Reproduce the lines of the material exactly, excluding every image.

**DATASET SECTION:**
------------------------

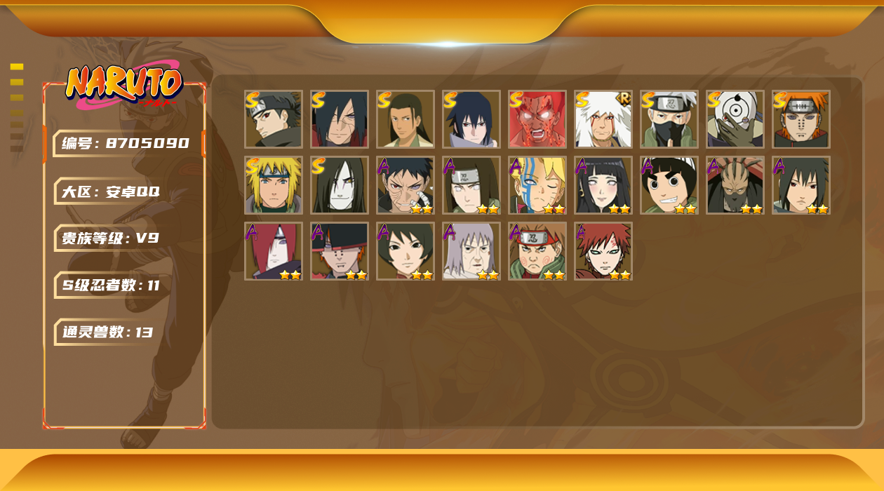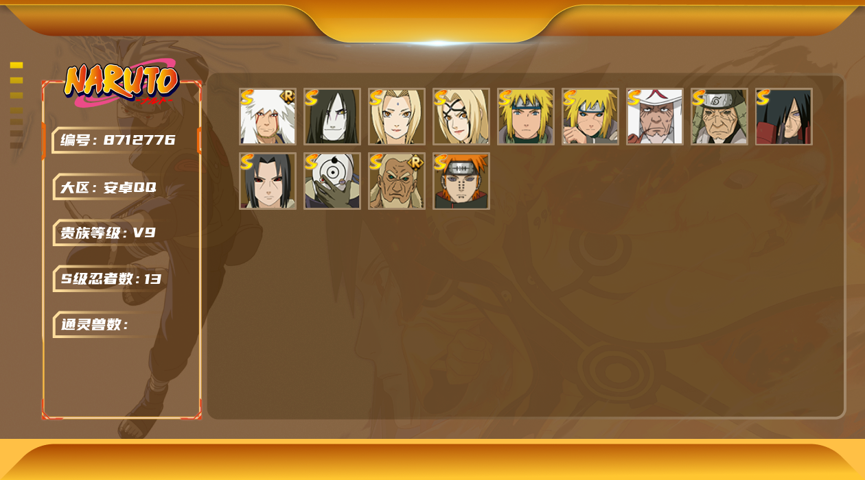 [8712776]v9 13s 可二次 s级忍者:自来也 「舞之豪杰」宇智波鼬「秽土转生」宇智波斑「秽土转生」艾「三代目雷影」“宇智波斑” 「白面具」纲手「百豪」波风水门「秽土转生」猿飞日斩「秽土转生」佩恩「天道」猿飞日斩波风水门大蛇丸纲手
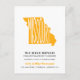 Teilen Sie Ihre neue Hausadresse mit Freunden und Familie mit schicken, sich bewegenden Ankündigungen oder Umsiedlungen, mit einer Silhouette des Staat von MISSOURI mit moderner Typografie. Benutzen Sie die Felder für Ihr benutzerdefiniertes Intro, Familienname und Ihre neue Adresse. . Fügen Sie auf der Rückseite eine personalisierte Meldung hinzu. MISSOURI SUNNY YELLOW ORANGE Map Farbe ist vollständig verändert!!
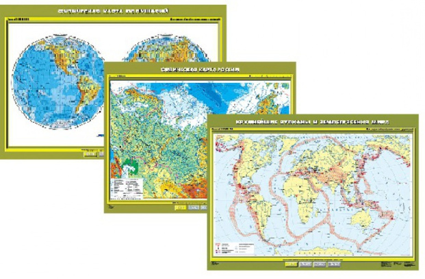 В комплект входит 12 карт: Физическая карта полушарий (формат 100х140 см.) Политическая карта полушарий (формат 100х140 см.) Политическая карта мира (формат 100х140 см.) Великие географические открытия (формат 100х140 см.) Топографическая карта и условные знаки (формат 70х100 см.) Природные зоны России (формат 100х140 см.) Физическая карта России (формат 100х140 см.) Физическая карта Арктики (формат 70х100 см.) Физическая карта Антарктики (формат 70х100 см.) Океаны (формат 100х140 см.) Крупнейшие вулканы и землетрясения мира (формат 100х140 см.) Физическая карта мира (формат 100х140 см.)
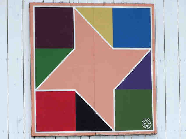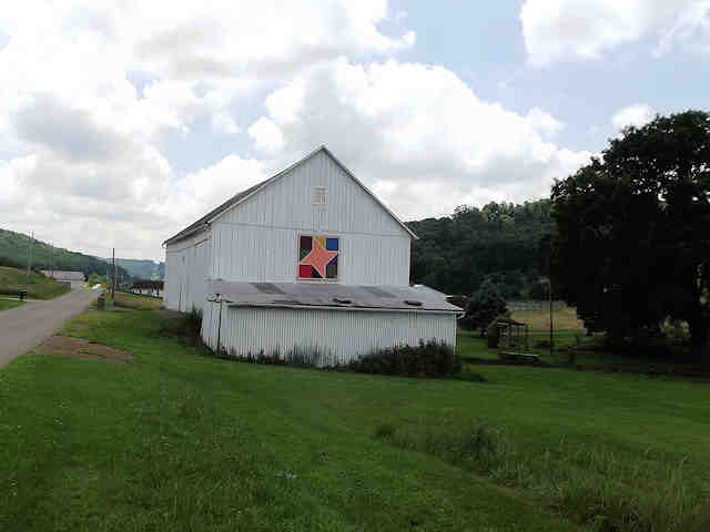 | (Friendship Star, OH-79-30) SSW of New Philadelphia, York Township, Tuscarawas County, OH. Broadway St. (becomes Oldtown Valley Rd.) S. 4.0 miles from jct with US250 in New Philadelphia, NW on Joyce Hill Rd. 1.1 miles to the quilt on the SW side of the road at 2656. Mary Lee Llewwilyn. (N40 26.693 W81 29.151) Photos by Jack & June Schmidt 6-26-15. |

------------------------

**ANSWER TO THIS EXERCISE:**
 [8712776]v9 13s 可二次 s级忍者:自来也 「舞之豪杰」宇智波鼬「秽土转生」宇智波斑「秽土转生」艾「三代目雷影」“宇智波斑” 「白面具」纲手「百豪」波风水门「秽土转生」猿飞日斩「秽土转生」佩恩「天道」猿飞日斩波风水门大蛇丸纲手
 Teilen Sie Ihre neue Hausadresse mit Freunden und Familie mit schicken, sich bewegenden Ankündigungen oder Umsiedlungen, mit einer Silhouette des Staat von MISSOURI mit moderner Typografie. Benutzen Sie die Felder für Ihr benutzerdefiniertes Intro, Familienname und Ihre neue Adresse. . Fügen Sie auf der Rückseite eine personalisierte Meldung hinzu. MISSOURI SUNNY YELLOW ORANGE Map Farbe ist vollständig verändert!!
 В комплект входит 12 карт: Физическая карта полушарий (формат 100х140 см.) Политическая карта полушарий (формат 100х140 см.) Политическая карта мира (формат 100х140 см.) Великие географические открытия (формат 100х140 см.) Топографическая карта и условные знаки (формат 70х100 см.) Природные зоны России (формат 100х140 см.) Физическая карта России (формат 100х140 см.) Физическая карта Арктики (формат 70х100 см.) Физическая карта Антарктики (формат 70х100 см.) Океаны (формат 100х140 см.) Крупнейшие вулканы и землетрясения мира (формат 100х140 см.) Физическая карта мира (формат 100х140 см.)
 | (Friendship Star, OH-79-30) SSW of New Philadelphia, York Township, Tuscarawas County, OH. Broadway St. (becomes Oldtown Valley Rd.) S. 4.0 miles from jct with US250 in New Philadelphia, NW on Joyce Hill Rd. 1.1 miles to the quilt on the SW side of the road at 2656. Mary Lee Llewwilyn. (N40 26.693 W81 29.151) Photos by Jack & June Schmidt 6-26-15. |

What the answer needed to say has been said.